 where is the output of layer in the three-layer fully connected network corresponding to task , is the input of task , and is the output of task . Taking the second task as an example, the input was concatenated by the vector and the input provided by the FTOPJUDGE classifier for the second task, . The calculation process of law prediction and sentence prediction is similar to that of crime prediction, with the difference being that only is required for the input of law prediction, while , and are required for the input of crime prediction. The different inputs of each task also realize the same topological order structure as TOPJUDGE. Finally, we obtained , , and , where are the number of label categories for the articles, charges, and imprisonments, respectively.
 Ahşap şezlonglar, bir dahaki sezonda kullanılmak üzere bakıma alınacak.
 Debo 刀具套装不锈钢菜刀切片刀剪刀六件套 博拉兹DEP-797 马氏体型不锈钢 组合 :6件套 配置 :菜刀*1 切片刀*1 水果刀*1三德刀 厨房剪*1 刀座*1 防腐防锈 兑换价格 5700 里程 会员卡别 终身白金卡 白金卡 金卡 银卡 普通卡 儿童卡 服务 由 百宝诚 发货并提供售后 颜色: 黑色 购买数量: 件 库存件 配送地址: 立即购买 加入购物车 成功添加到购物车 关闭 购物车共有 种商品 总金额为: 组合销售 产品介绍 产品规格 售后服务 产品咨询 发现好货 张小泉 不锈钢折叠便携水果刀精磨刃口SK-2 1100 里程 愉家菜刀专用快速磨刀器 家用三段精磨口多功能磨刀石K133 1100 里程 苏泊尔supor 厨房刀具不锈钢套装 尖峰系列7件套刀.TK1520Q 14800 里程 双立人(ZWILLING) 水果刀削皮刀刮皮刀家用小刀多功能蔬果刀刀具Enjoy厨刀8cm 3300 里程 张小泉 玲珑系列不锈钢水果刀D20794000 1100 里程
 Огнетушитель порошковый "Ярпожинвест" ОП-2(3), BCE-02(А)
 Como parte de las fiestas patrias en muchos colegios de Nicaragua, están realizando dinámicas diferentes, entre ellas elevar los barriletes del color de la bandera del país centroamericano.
═══
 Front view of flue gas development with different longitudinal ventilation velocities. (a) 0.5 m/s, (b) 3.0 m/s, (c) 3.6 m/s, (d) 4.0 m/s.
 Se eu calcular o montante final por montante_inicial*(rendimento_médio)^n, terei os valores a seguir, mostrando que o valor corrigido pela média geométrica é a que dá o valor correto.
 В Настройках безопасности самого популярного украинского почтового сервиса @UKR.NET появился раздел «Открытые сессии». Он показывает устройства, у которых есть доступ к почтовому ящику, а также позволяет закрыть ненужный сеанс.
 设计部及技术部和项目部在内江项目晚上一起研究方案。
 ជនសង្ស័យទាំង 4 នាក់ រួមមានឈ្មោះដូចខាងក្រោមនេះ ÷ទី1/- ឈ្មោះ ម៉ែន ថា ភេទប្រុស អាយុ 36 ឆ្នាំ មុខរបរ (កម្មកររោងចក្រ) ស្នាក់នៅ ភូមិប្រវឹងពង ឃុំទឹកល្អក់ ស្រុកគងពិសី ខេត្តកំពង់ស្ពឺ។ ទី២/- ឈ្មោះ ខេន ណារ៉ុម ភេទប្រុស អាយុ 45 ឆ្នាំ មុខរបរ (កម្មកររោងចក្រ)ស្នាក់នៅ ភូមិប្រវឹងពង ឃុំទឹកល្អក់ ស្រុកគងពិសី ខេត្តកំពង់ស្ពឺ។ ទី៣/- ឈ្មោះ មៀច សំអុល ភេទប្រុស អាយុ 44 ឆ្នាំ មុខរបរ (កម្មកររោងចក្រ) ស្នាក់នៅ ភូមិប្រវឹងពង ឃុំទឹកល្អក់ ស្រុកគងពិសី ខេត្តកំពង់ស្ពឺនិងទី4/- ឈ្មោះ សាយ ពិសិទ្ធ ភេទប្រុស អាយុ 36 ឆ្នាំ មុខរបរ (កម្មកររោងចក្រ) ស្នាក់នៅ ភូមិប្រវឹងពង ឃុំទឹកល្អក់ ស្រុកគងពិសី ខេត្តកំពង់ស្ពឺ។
═══
In the entries above, find the line with "where is the" and the line with "Como parte de", then set down exactly those two and every line between them, nothing else.

## Result of this task
 where is the output of layer in the three-layer fully connected network corresponding to task , is the input of task , and is the output of task . Taking the second task as an example, the input was concatenated by the vector and the input provided by the FTOPJUDGE classifier for the second task, . The calculation process of law prediction and sentence prediction is similar to that of crime prediction, with the difference being that only is required for the input of law prediction, while , and are required for the input of crime prediction. The different inputs of each task also realize the same topological order structure as TOPJUDGE. Finally, we obtained , , and , where are the number of label categories for the articles, charges, and imprisonments, respectively.
 Ahşap şezlonglar, bir dahaki sezonda kullanılmak üzere bakıma alınacak.
 Debo 刀具套装不锈钢菜刀切片刀剪刀六件套 博拉兹DEP-797 马氏体型不锈钢 组合 :6件套 配置 :菜刀*1 切片刀*1 水果刀*1三德刀 厨房剪*1 刀座*1 防腐防锈 兑换价格 5700 里程 会员卡别 终身白金卡 白金卡 金卡 银卡 普通卡 儿童卡 服务 由 百宝诚 发货并提供售后 颜色: 黑色 购买数量: 件 库存件 配送地址: 立即购买 加入购物车 成功添加到购物车 关闭 购物车共有 种商品 总金额为: 组合销售 产品介绍 产品规格 售后服务 产品咨询 发现好货 张小泉 不锈钢折叠便携水果刀精磨刃口SK-2 1100 里程 愉家菜刀专用快速磨刀器 家用三段精磨口多功能磨刀石K133 1100 里程 苏泊尔supor 厨房刀具不锈钢套装 尖峰系列7件套刀.TK1520Q 14800 里程 双立人(ZWILLING) 水果刀削皮刀刮皮刀家用小刀多功能蔬果刀刀具Enjoy厨刀8cm 3300 里程 张小泉 玲珑系列不锈钢水果刀D20794000 1100 里程
 Огнетушитель порошковый "Ярпожинвест" ОП-2(3), BCE-02(А)
 Como parte de las fiestas patrias en muchos colegios de Nicaragua, están realizando dinámicas diferentes, entre ellas elevar los barriletes del color de la bandera del país centroamericano.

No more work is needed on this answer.